── Records for the task ──
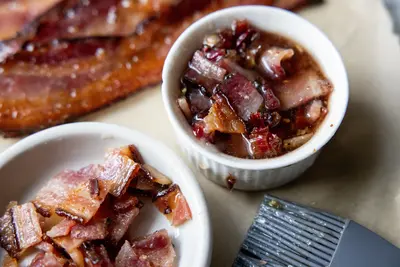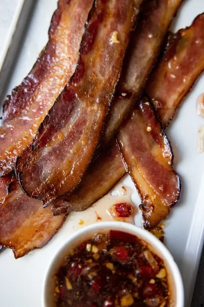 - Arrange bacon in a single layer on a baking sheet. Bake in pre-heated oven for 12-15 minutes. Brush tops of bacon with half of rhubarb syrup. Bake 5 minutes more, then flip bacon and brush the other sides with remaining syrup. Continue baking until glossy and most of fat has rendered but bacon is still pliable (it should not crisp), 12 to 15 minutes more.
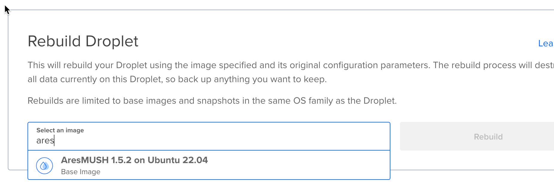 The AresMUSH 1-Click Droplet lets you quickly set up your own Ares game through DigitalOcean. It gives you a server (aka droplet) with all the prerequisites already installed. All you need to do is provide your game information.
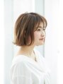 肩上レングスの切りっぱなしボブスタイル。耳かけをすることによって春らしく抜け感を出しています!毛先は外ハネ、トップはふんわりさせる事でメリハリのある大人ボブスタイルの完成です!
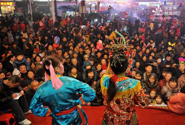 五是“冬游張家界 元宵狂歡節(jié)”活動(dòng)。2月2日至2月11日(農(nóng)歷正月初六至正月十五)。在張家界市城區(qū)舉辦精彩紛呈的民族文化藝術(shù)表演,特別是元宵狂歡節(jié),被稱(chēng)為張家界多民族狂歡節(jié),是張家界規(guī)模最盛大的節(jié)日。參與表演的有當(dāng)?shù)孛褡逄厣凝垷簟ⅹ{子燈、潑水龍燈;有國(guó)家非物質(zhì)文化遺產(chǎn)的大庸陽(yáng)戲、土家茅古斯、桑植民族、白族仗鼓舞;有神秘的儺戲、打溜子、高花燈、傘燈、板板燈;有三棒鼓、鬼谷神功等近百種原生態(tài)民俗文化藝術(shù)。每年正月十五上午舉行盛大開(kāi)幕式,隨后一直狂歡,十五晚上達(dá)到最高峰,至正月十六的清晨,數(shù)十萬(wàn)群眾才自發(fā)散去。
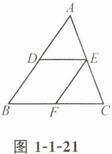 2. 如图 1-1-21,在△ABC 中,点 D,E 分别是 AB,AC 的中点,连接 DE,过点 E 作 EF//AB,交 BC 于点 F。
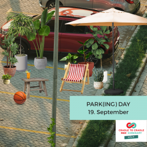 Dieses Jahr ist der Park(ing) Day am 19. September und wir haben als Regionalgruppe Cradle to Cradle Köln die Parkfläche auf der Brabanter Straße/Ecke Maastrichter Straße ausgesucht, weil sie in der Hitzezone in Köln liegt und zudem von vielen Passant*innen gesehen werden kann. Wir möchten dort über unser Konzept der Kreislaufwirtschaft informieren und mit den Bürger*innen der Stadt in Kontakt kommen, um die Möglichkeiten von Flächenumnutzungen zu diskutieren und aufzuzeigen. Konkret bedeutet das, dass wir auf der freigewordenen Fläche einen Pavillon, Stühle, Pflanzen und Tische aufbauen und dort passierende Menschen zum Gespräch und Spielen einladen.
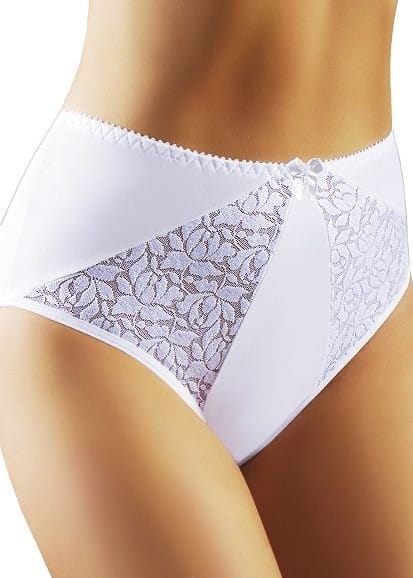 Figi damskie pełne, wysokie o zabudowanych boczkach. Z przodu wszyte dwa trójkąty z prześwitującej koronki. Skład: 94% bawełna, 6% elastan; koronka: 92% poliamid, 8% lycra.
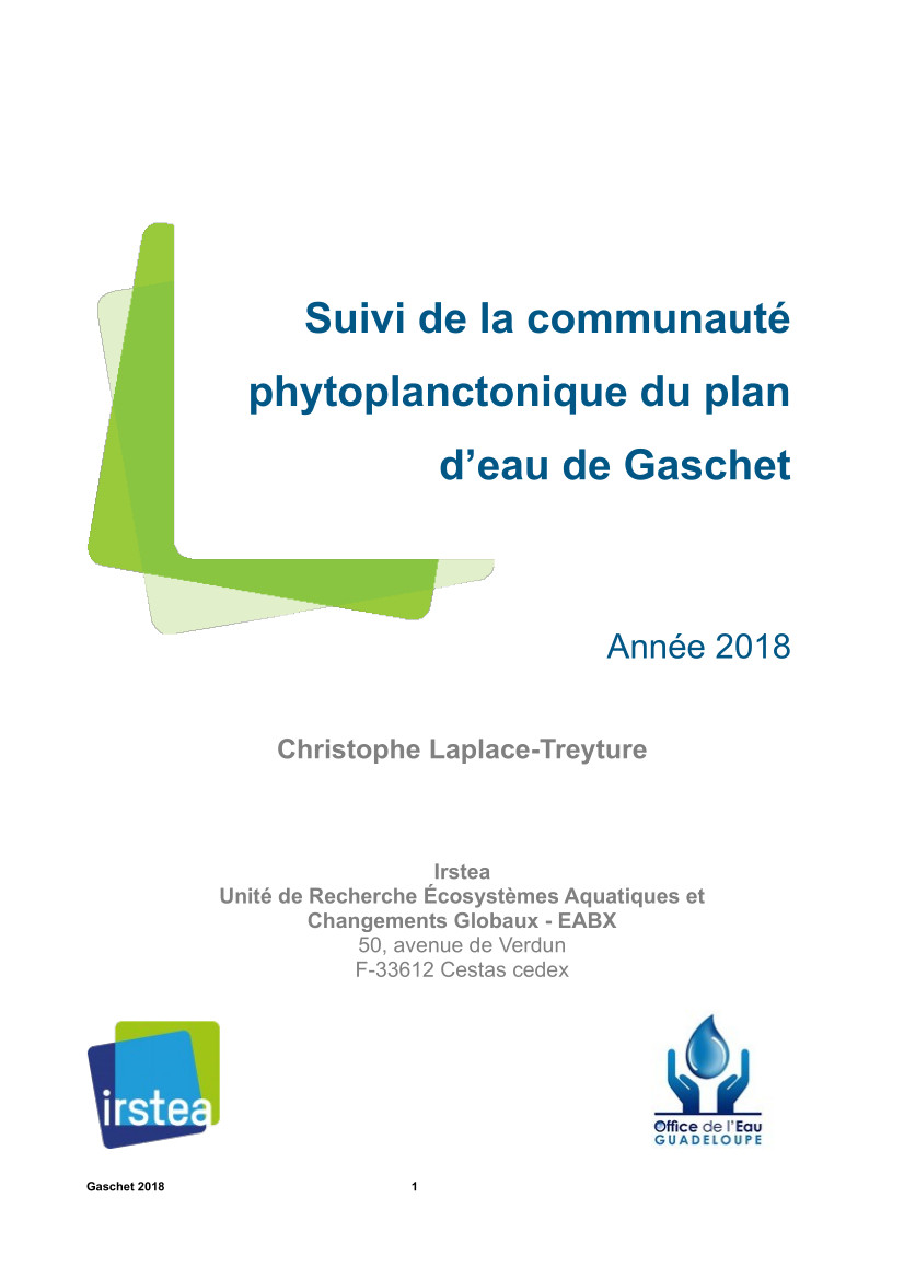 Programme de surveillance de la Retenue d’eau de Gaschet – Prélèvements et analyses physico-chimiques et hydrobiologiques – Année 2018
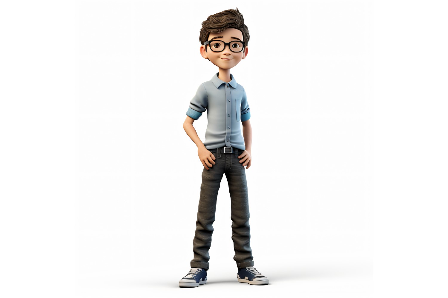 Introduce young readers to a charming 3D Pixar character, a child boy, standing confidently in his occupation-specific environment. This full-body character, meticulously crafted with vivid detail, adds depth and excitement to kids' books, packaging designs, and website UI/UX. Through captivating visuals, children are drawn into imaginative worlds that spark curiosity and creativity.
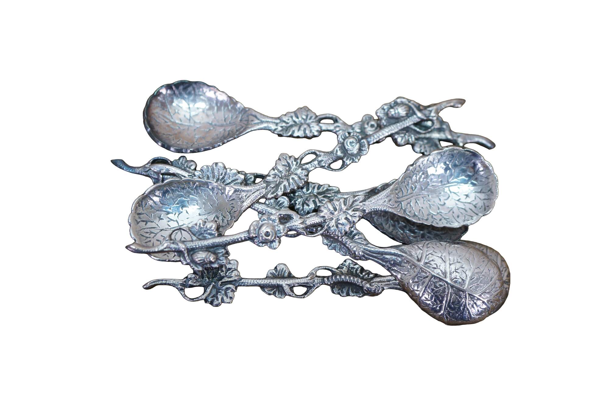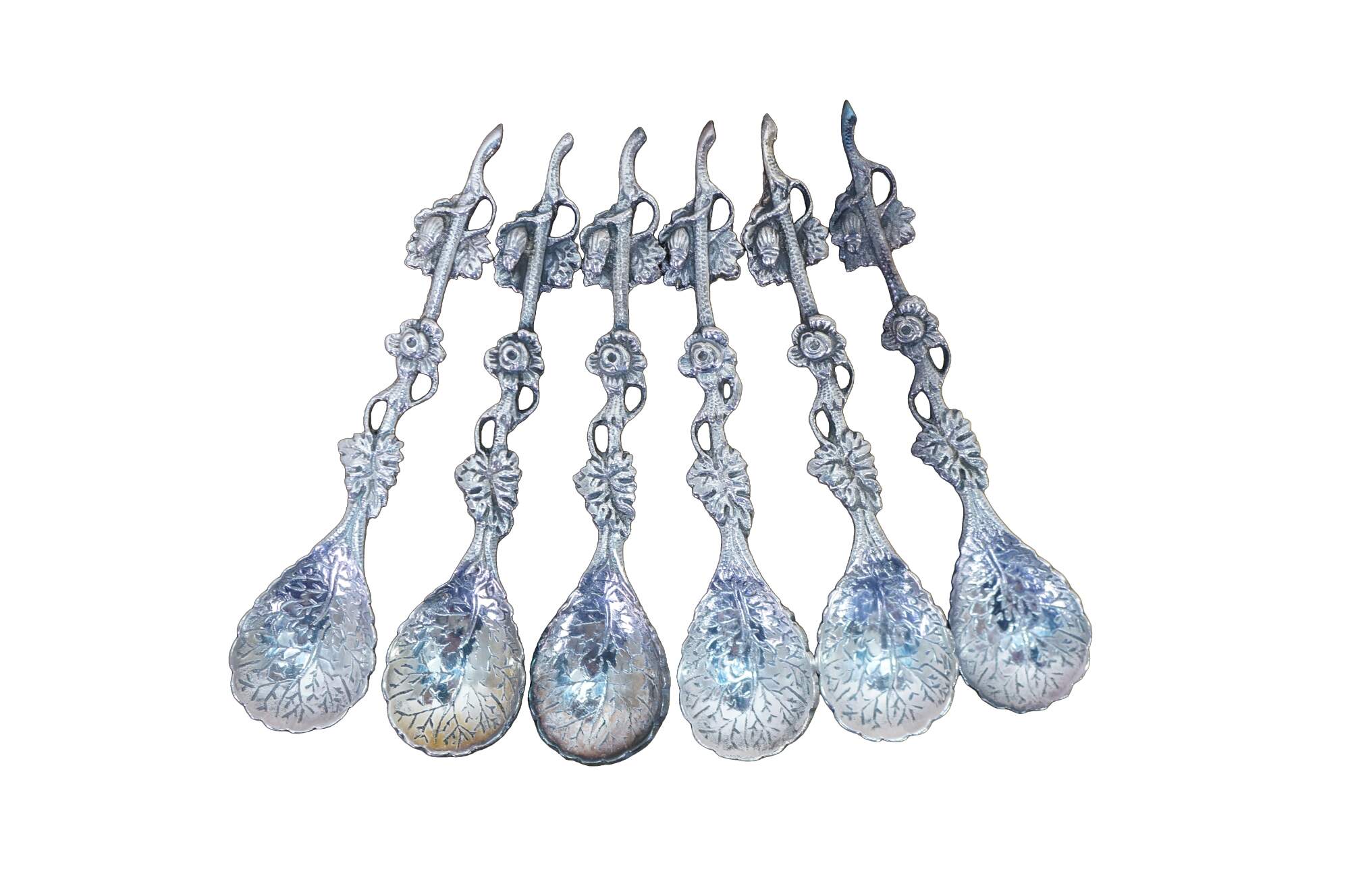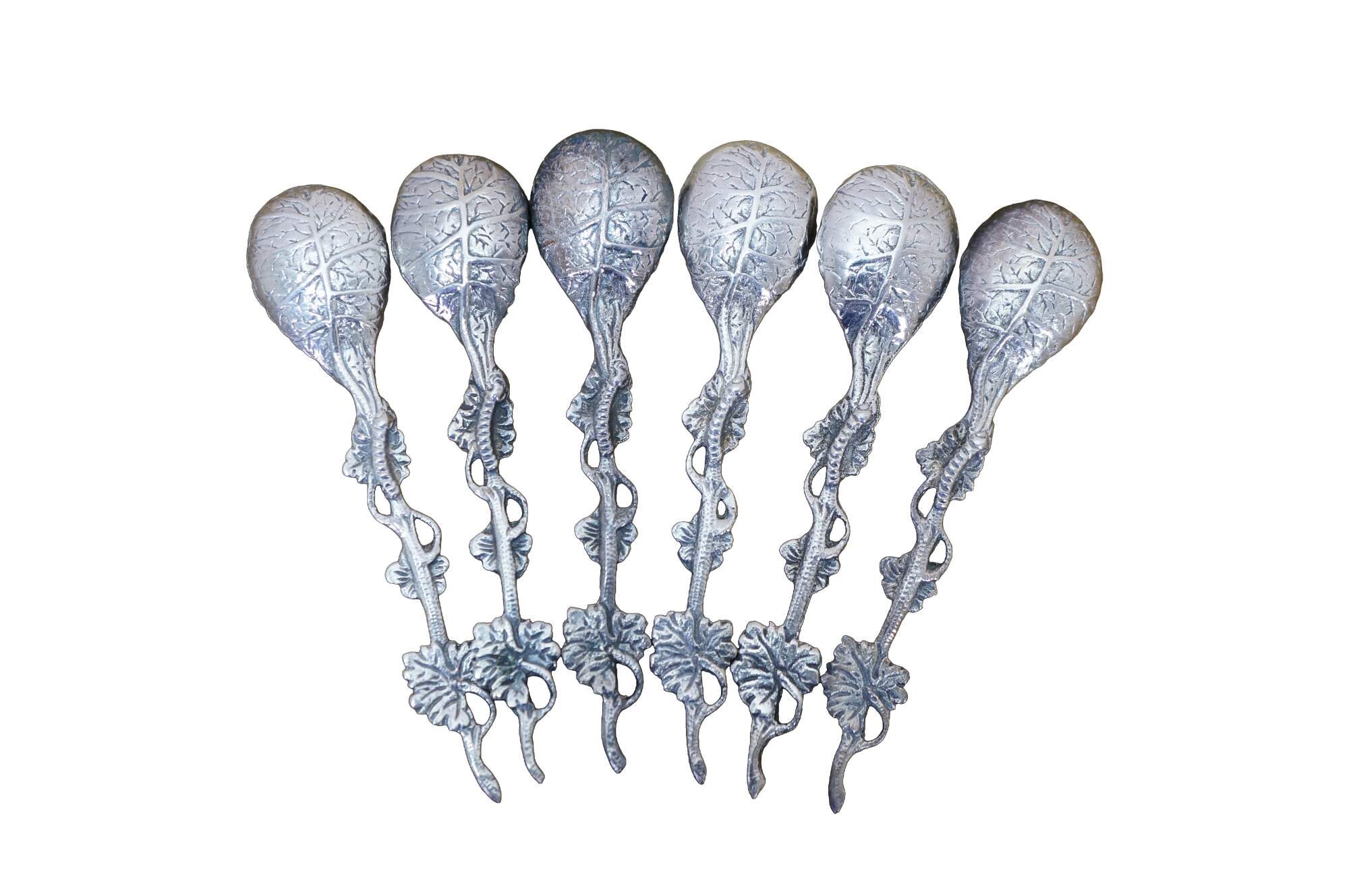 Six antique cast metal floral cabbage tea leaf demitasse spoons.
───
What you have to do
Output exactly the lines above, from the line with "2. 如图 1-1-21,在△ABC" to the line with "Programme de surveillance", both included; skip the pictures.

Output for this exercise
 2. 如图 1-1-21,在△ABC 中,点 D,E 分别是 AB,AC 的中点,连接 DE,过点 E 作 EF//AB,交 BC 于点 F。
 Dieses Jahr ist der Park(ing) Day am 19. September und wir haben als Regionalgruppe Cradle to Cradle Köln die Parkfläche auf der Brabanter Straße/Ecke Maastrichter Straße ausgesucht, weil sie in der Hitzezone in Köln liegt und zudem von vielen Passant*innen gesehen werden kann. Wir möchten dort über unser Konzept der Kreislaufwirtschaft informieren und mit den Bürger*innen der Stadt in Kontakt kommen, um die Möglichkeiten von Flächenumnutzungen zu diskutieren und aufzuzeigen. Konkret bedeutet das, dass wir auf der freigewordenen Fläche einen Pavillon, Stühle, Pflanzen und Tische aufbauen und dort passierende Menschen zum Gespräch und Spielen einladen.
 Figi damskie pełne, wysokie o zabudowanych boczkach. Z przodu wszyte dwa trójkąty z prześwitującej koronki. Skład: 94% bawełna, 6% elastan; koronka: 92% poliamid, 8% lycra.
 Programme de surveillance de la Retenue d’eau de Gaschet – Prélèvements et analyses physico-chimiques et hydrobiologiques – Année 2018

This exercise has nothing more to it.